Repsol is a Spanish integrated oil & gas company with E&P (exploration & production) activities across the globe. The group has a sizeable and high-quality downstream portfolio and is a leading player in setting bold GHG (greenhouse gas) emission reduction targets, with potential to develop low-carbon investments. Sentiment towards the stock is negative, resulting in a compelling valuation, despite a strong macroeconomic tailwind.
Indra Sistemas is a Spanish technology company that provides IT services to industries such as defence, air traffic management and transport. It has market-leading positions in a number of segments with strong order pipelines. The business scores particularly well on analyst sentiment and share price momentum, whilst also trading at a discount to the market and its sector.
OTP Bank is a leading regional banking franchise in Hungary and the CEE (Central and Eastern Europe) region. The bank was hit by the negative impacts of the Russian invasion of Ukraine, but moderating impairment charges and successful recent M&A have driven a strong recovery in earnings. OTP has been deploying excess capital to enter new markets and improve its position in existing ones. The bank’s strong franchise in the region, solid capital generation and good long-term growth prospects drive attractive SmartGARP momentum, as well as value and revisions scores.
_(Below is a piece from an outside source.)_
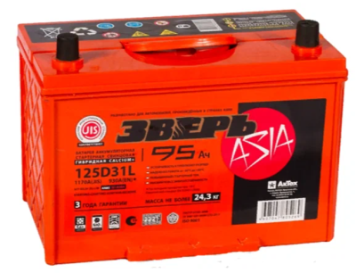 Аккумулятор ЗВЕРЬ ASIA L3Y 6CT-95.0 Обратная полярность код 260166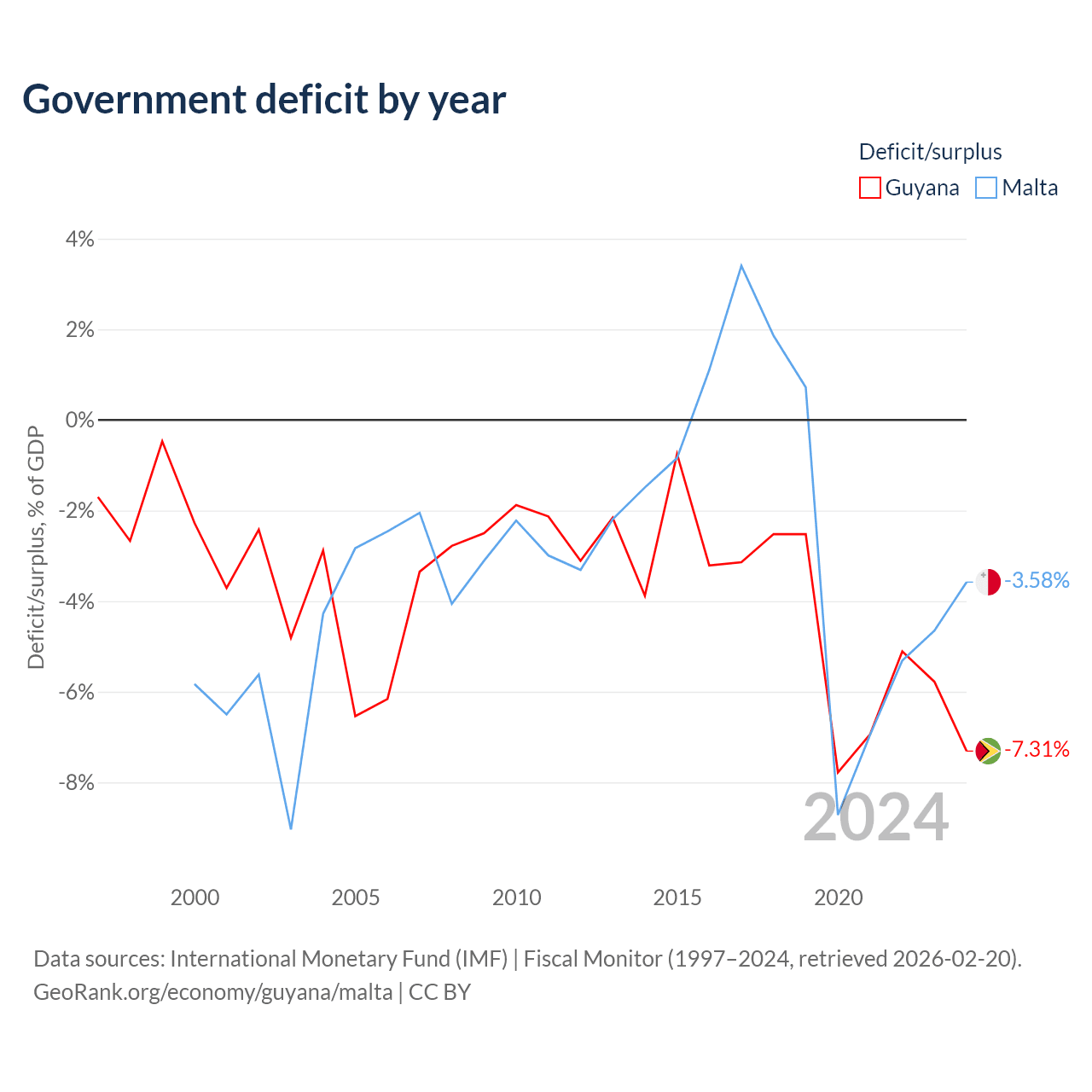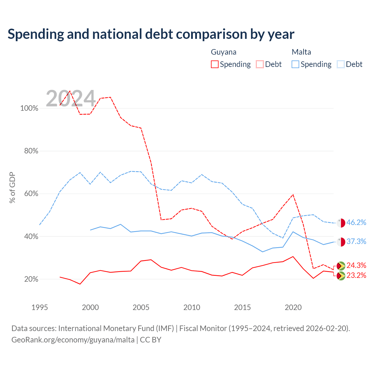 Guyana has $5.99B in government debt (24.3% of GDP), compared to $11.5B (46.2% of GDP) in Malta.

SAF-Holland is a leading global supplier of components and systems equipment for trailers and trucks. This is an attractive market segment, particularly the high-margin after-market area. SAF-Holland has opportunities to benefit from market share gains and strong growth opportunities in emerging markets. The stock is seeing positive earnings revisions trends, yet trades on a compelling valuation, resulting in an attractive SmartGARP score.
Sweet investment returns
Cheerios is a whole-grain cereal, low in fat and calories, but it also includes sugar; there is always a downside. Similarly, no investment is without risk. But if the returns from these eight stocks are as sweet as we hope they will be in the coming years, few shareholders will complain.